Mountains and the men who climb them – and it is usually only men in these books though Cossins does give the women a whole chapter to themselves – have been the subjects of many books over the last few decades, from the sublime (Daniel Friebe’s Mountain High, Max Leonard’s Higher Calling) to the instantly forgettable (I’ve forgotten so many at this stage I can’t even begin to list them). Star climbers get whole books to themselves (Pantani, Bahamontes, Ocaña). Star mountains get whole books to themselves, from Bert Wagendorp’s godawful novel, Ventoux, to Jean-Paul Vespini’s classic ‘biography’ of Alpe d’Huez. They get tick-list guide books, they get coffee table books, they get poster books. Mountains and the men who climb them, they get a hell of a lot of attention when it comes to the world of books. Finding something new to say, well that requires an inventive author.
Cycling’s first step towards the mountains, Peter Cossins tells us early into Climbers, was taken on Westerham Hill in south-east London on the final Saturday of August 1887. That day, we’re told, 24 riders signed up to take part in the inaugural Catford Hill Climb.
As I read that inventive factoid, I could already feel my chest tightening at the realisation that this was going to be one hell of a slog.
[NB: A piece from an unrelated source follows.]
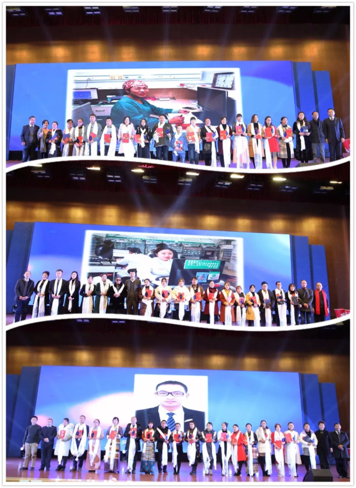 每年的先進集體和個人表彰是本次大會的重點,李君院長宣講了今年"評優(yōu)選先”的規(guī)則:以工作成績?yōu)橐罁?jù),杜絕人情票,通過申報審核的方式評選。隨后,李院長宣讀了2018年先進集體和優(yōu)秀個人名單,董事長王斌率院領導為先進集體和優(yōu)秀個人獻上哈達并頒發(fā)榮譽證書、獎杯和獎金。

Not only was Catford’s not the first hill climb (the British had been sprinting up little hills even in the days of high-wheelers), men and women had been taking their bikes over real mountains – the Alps and the Pyrénées included – for a long time before 1887. Two Irishmen, Louis Meldon and CW Fegan, are said to have taken their velocipedes over the Simplon Pass in 1876, though I’ve never seen evidence of this. I have seen evidence of multiple trips to the Pyrénées by the London Bicycle Club as early as 1879. If Irish and British cyclists were tackling continental climbs in the 1870s it’s hard to imagine that the locals weren’t also scaling new heights, even in the days when climbing onto an ordinary was a feat in itself.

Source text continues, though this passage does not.